In her homely twig-built Hut, a girlwoman listened to the little birdies tweeting, and smiled her agreement. And why wouldn’t she?
Young she was, and strong. Her belly was full. Her stools were firm. Her hair was long, with no split ends. Her thighs were alabaster, and she clasped them a lot. Life was good. All her needs were supplied in ampleness and abunditude.
For sustenance she plucked the fruit off the trees and the roots from the ground.
For shelter she had her happy Hut, her twig-built. And for maintenance purposes, the surrounding woodland vale was a veritable House of Hardware.
For clothing and footwear, she had no need or want. Warm and clement was the clime, and the very ground kissed her soles and toes with lips of soft, hydroxylising meadow-wort. On special occasions she wore her hand-woven peat-yarn panties, which she kept in a bulrush basket by her bed.
For companionship she lacked not. There were few if any human peoples within a hundred miles of her twig-built, but all the beasts, bears, birds, bees and bugs were her associates, if not friends, in the most profound and pompous sense.
For conversation she only had to turn to the nearest deer-turd, the fleas within her bushy armpits, or even the very moss beneath her naked feats.

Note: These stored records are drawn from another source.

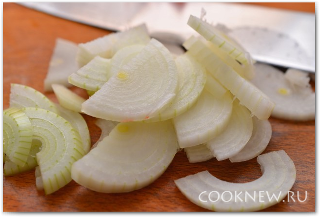 Нарезаем лук полукольцами.
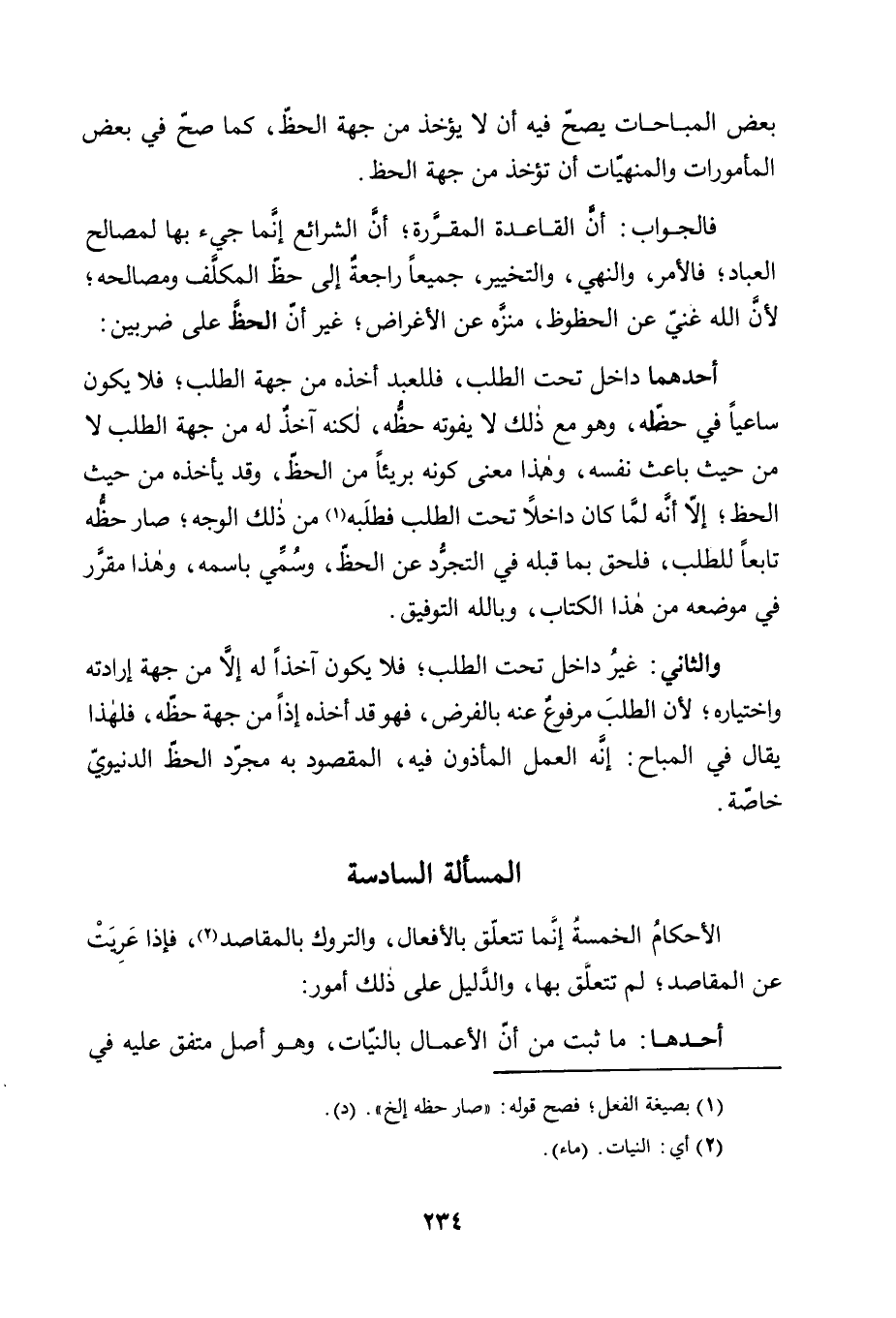 دَاخِلٌ تَحْتَ الطَّلَبِ، فَلِلْعَبْدِ أَخْذُهُ مِنْ جِهَةِ الطَّلَبِ؛ فلا يكون ساعيا في حضه, وَهُوَ مَعَ ذَلِكَ لَا يَفُوتُهُ حَظُّهُ، لَكِنَّهُ آخِذٌ لَهُ مِنْ جِهَةِ الطَّلَبِ لَا مِنْ حَيْثُ بَاعِثُ نَفْسِهِ، وَهَذَا مَعْنَى كَوْنِهِ بَرِيئًا مِنَ الْحَظِّ، وَقَدْ يَأْخُذُهُ مِنْ حَيْثُ الْحَظُّ؛ إِلَّا أَنَّهُ لَمَّا كَانَ دَاخِلًا تَحْتَ الطَّلَبِ فَطَلَبَهُ1 مِنْ ذَلِكَ الْوَجْهِ؛ صَارَ حَظُّهُ تَابِعًا لِلطَّلَبِ، فَلَحِقَ بِمَا قَبْلَهُ فِي التَّجَرُّدِ عَنِ الْحَظِّ، وَسُمِّيَ بِاسْمِهِ، وَهَذَا مُقَرَّرٌ فِي مَوْضِعِهِ مِنْ هَذَا الْكِتَابِ، وَبِاللَّهِ التَّوْفِيقُ.
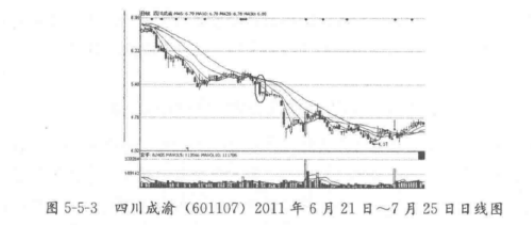从图5-5-3中可以看出,该股2011年6月21日~7月21日之间经历了一个月的横盘整理阶段,7月25日当天,该股出现跌停板,但此时绝不是买入的时机。该股处于下降趋势中。
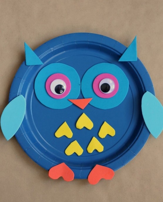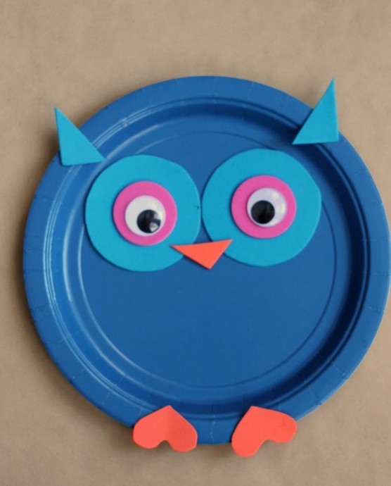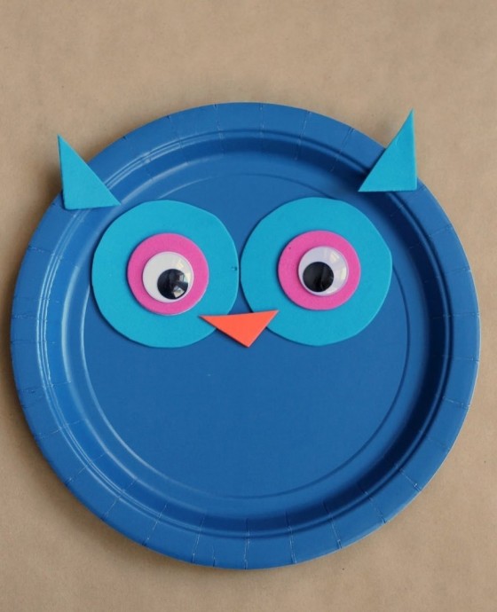Сова из одноразовой тарелки это приучение ребенка искать материалы для творчества повсеместно.
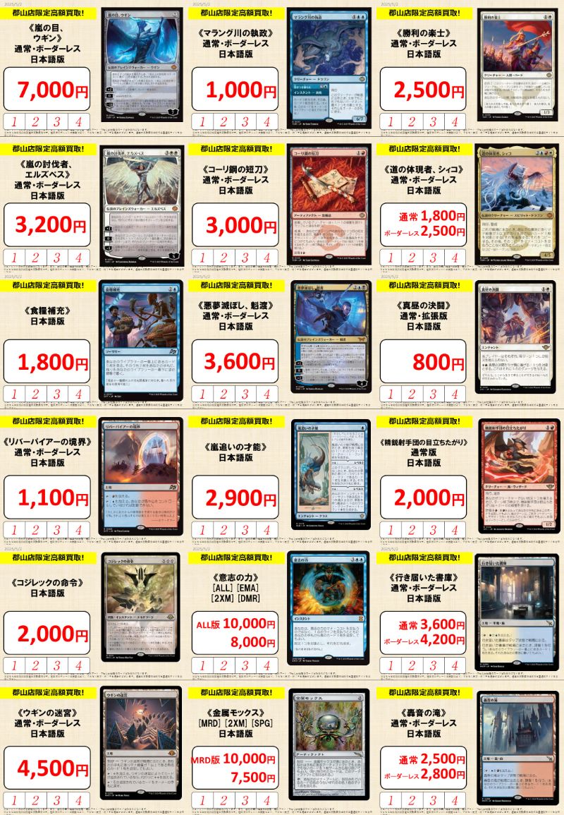 【買取情報】 ✨晴れる屋郡山店限定買取更新✨ 《嵐の目、ウギン》¥7,000 《嵐の討伐者、エルズペス》¥3,200 《道の体現者、シィコ》¥1,800/¥2,500 《悪夢滅ぼし、魁渡》¥3,600 《真昼の決闘》¥800 皆様のお持ち込み、お待ちしています‼️
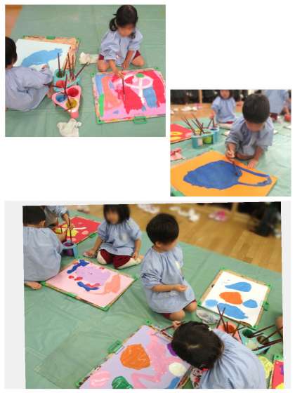 「何色がいいかなぁ!?」と色を選びながら気に入った色の絵の具でかくことを楽しむあか組の子どもたち。筆をしっかりもって画用紙いっぱいに好きなものをかいていました。
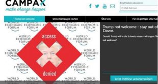 جنيف-سانا أطلقت منظمة كامباكس السويسرية للحملات والتعبئة عريضة الكترونية ترمي للحؤول دون حضور الرئيس الامريكي دونالد ترامب منتدى دافوس الاقتصادي العالمي. ونقلت “فرانس برس” عن المنظمة التي عنونت العريضة “ترامب.. لست مرحبا بك.. ابق بعيدا عن دافوس” قولها “يجب علينا …
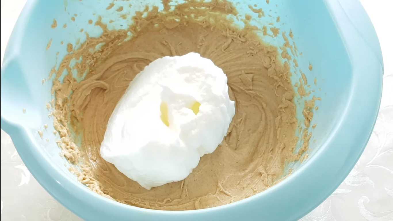 Добавляем белки в медовую массу и аккуратно вымешиваем, чтобы тесто не осело.

For she had been born with the Gift of the Tongue — she could instantly and instinctively understand all the languages of human- and Barbarian-kind; as well as all the secret dialects and pidgins of creatures great and small, even of stones and bones and other inanimates; and of spirits, sparrows, auctioneers, town criers and gypsies, nanny goats, pilchards and sphagnum. Yes, and pigeons too.